[Dataset records]
======
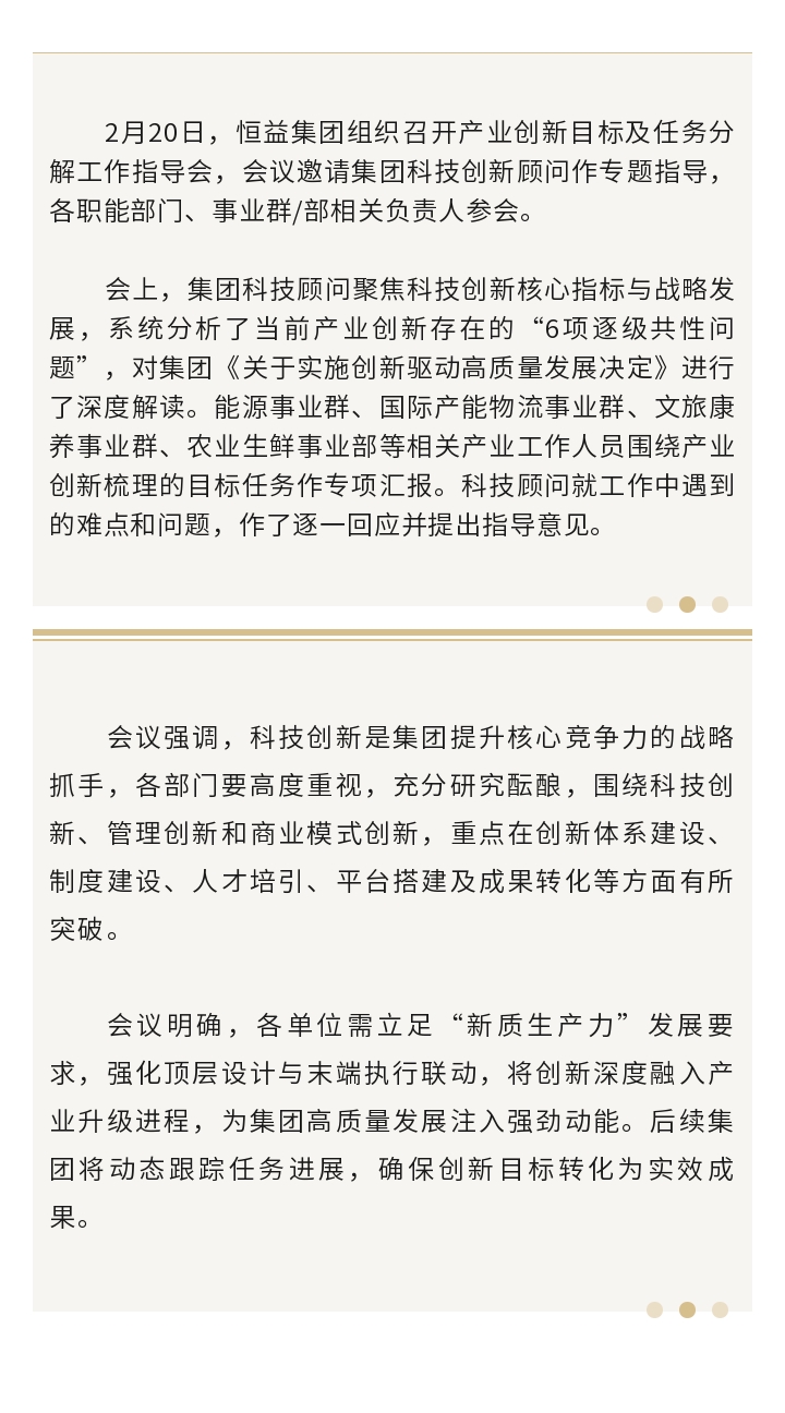 恒益集團(tuán)召開2025年產(chǎn)業(yè)創(chuàng)新目標(biāo)及任務(wù)分解工作指導(dǎo)會(huì) 來源: 瀏覽量:3403 日期:2025-02-21 分享到: 上一篇:云南省商務(wù)廳副廳長譚偉一行蒞臨恒益集團(tuán)調(diào)研指導(dǎo) 下一篇:恒益集團(tuán)董事長段治葵率隊(duì)到昆明鼎邦科技公司考察交流
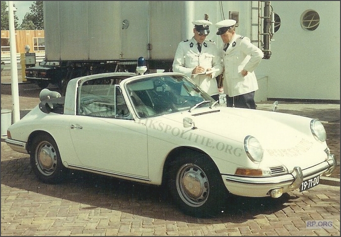 Rinse Hiddinga met collega naast de 912 targa, 19-71-DU, Alex 12.73.
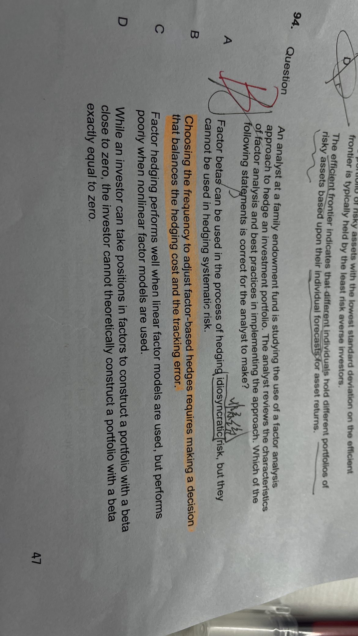 同学你好,持续的动态对冲能够降低追踪误差,但是也提高了对冲成本,所以需要在两者之间做权衡,所以B对;只要模型假设没问题,线性和非线性因子模型在对冲中都能表现的很好,所以C错;在理论上,零贝塔组合是能够存在的,在实践中可能不能完全实现,所以D错。
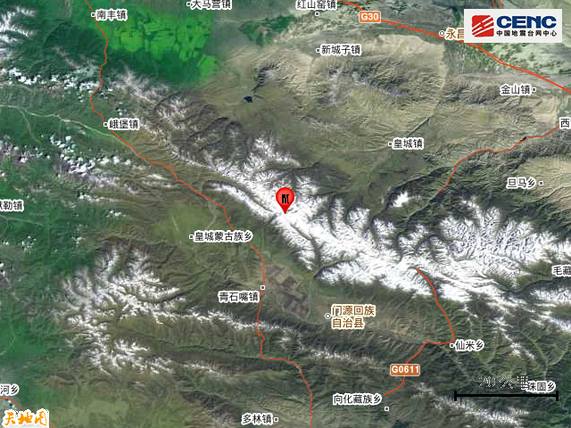 附近村镇:本次地震周边5公里内的村庄有老虎沟西岔、黑沟、岗什卡达板,20公里内无乡镇驻地分布,50公里内的乡镇有青石咀镇、峨堡镇、浩门镇、皇城蒙古族乡、东川镇、苏吉滩乡、仙米乡、泉口镇、北山乡、浩亹古镇。
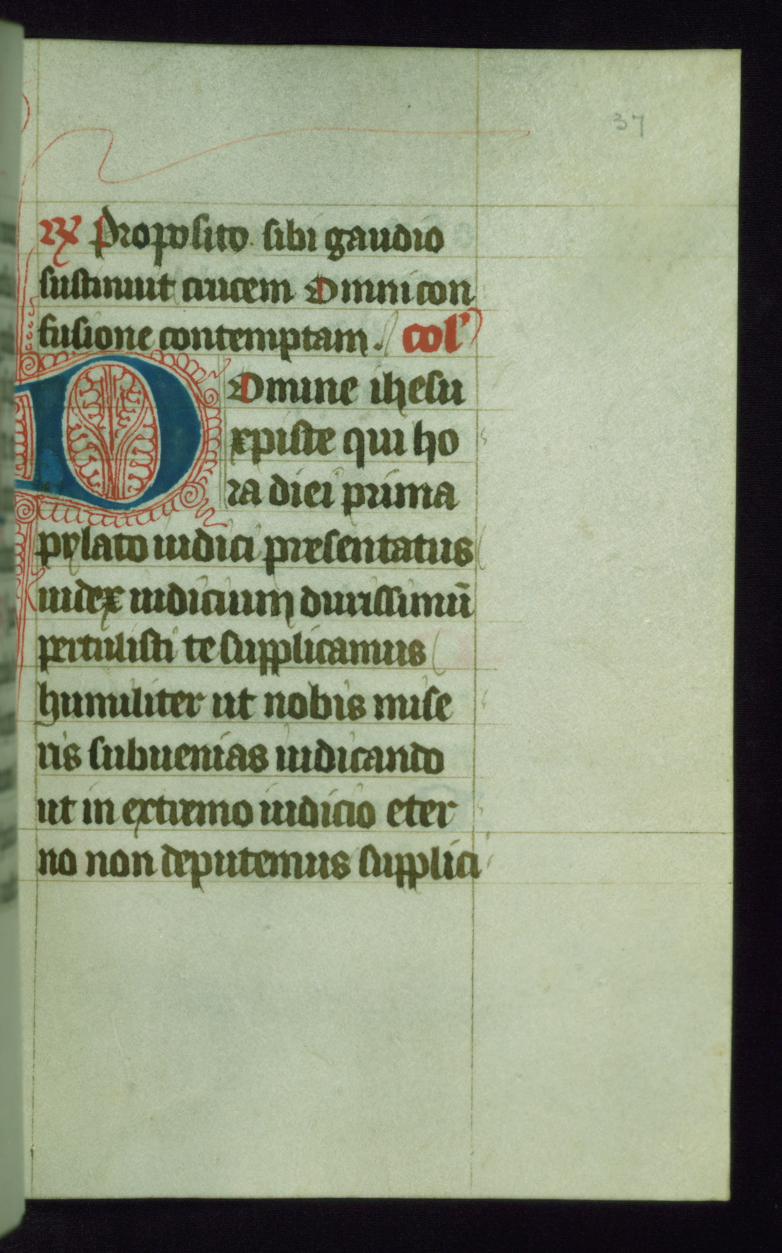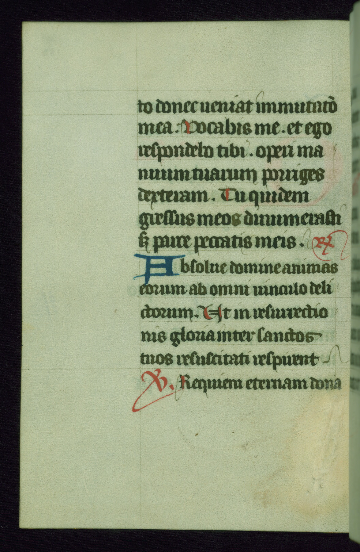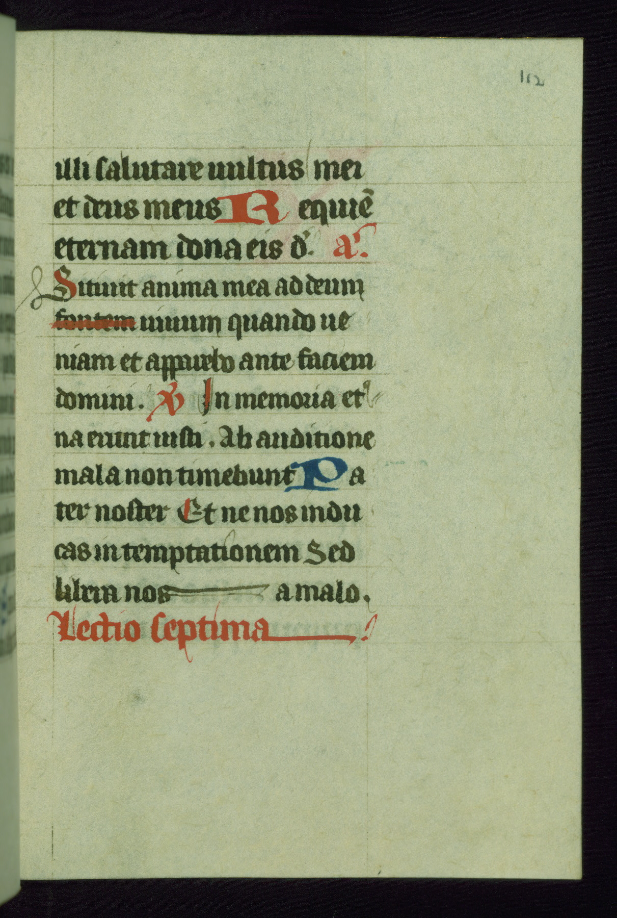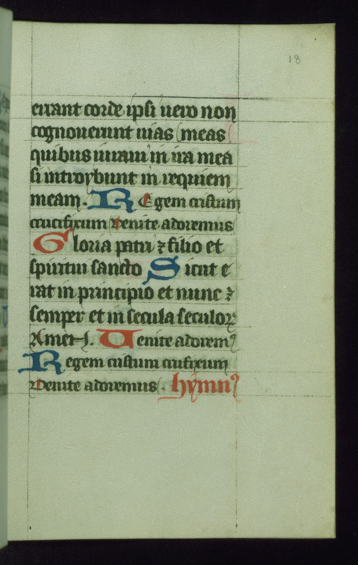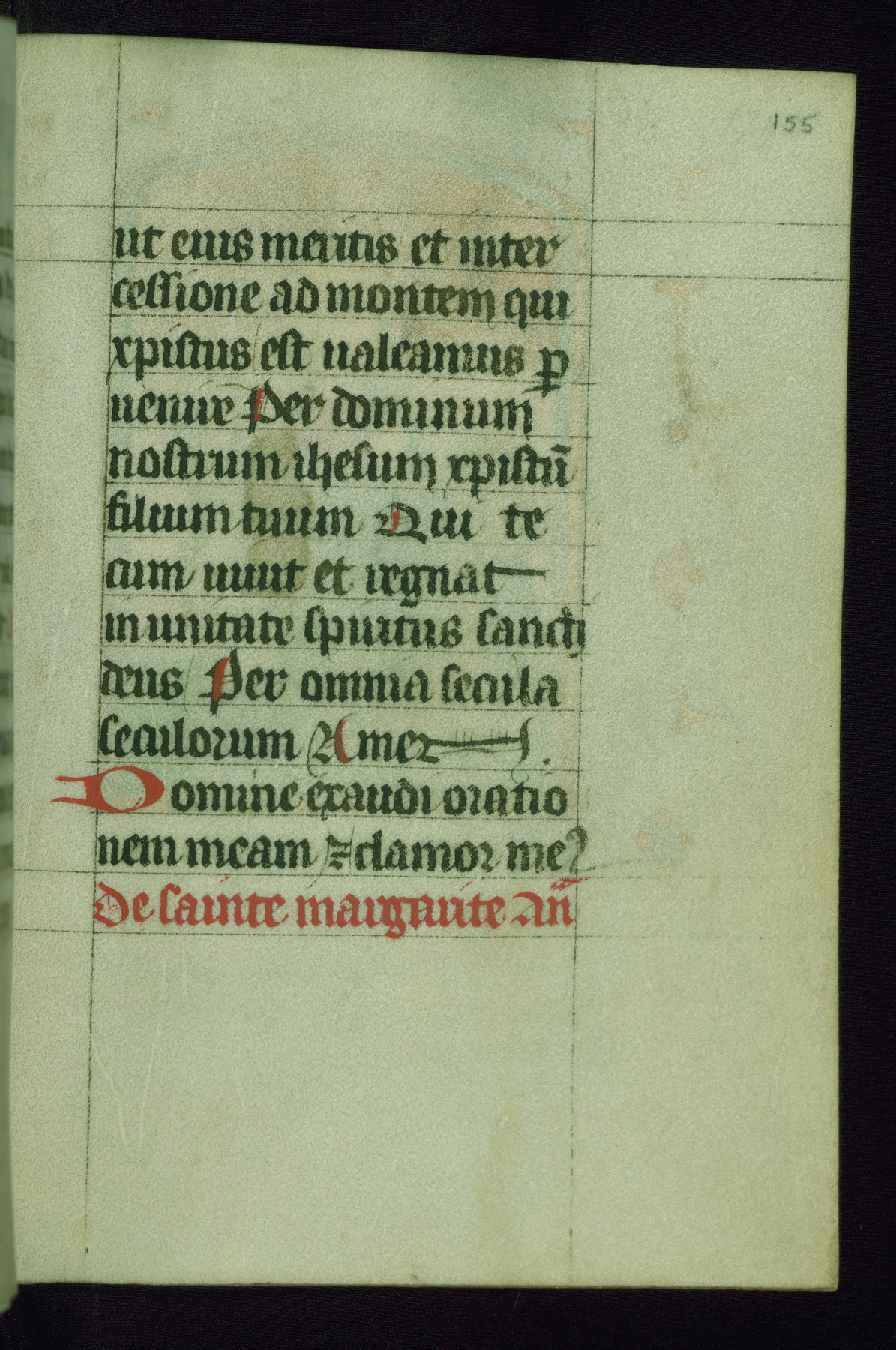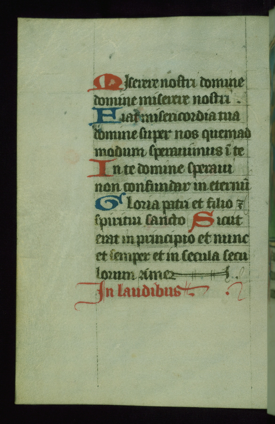 This prayer book was produced ca. 1430-40, likely in Brabant, but the contents of the calendar point to Tournai and Cambrai, and the Office of the Dead is for the use of Liège. North Netherlandish influence, possibly connected with works by the Masters of the Gold Scrolls, is suggested by the style and iconography of its images. The manuscript is notable for its large number of miniatures--forty-eight in total--as well as the sense of narrative within them, and the diversity of the suffrages they illustrate is striking. That the original owner had a strong interest in the Passion is evident in both the choice of texts and the images. The manuscript was well used, and accrued not only additional prayers and suffrages, but devotional objects as well: a pilgrim's badge was once attached to the corner of the image for the suffrage to relics on fol. 160r.
======
PROBLEM REQUIREMENTS:
Go to the line above that has "同学你好,持续的动态对冲能够" and copy exactly from there down to the line that has "附近村镇:本次地震周边5公里", both included. Leave the pictures out.

THE COMPLETED TASK:
 同学你好,持续的动态对冲能够降低追踪误差,但是也提高了对冲成本,所以需要在两者之间做权衡,所以B对;只要模型假设没问题,线性和非线性因子模型在对冲中都能表现的很好,所以C错;在理论上,零贝塔组合是能够存在的,在实践中可能不能完全实现,所以D错。
 附近村镇:本次地震周边5公里内的村庄有老虎沟西岔、黑沟、岗什卡达板,20公里内无乡镇驻地分布,50公里内的乡镇有青石咀镇、峨堡镇、浩门镇、皇城蒙古族乡、东川镇、苏吉滩乡、仙米乡、泉口镇、北山乡、浩亹古镇。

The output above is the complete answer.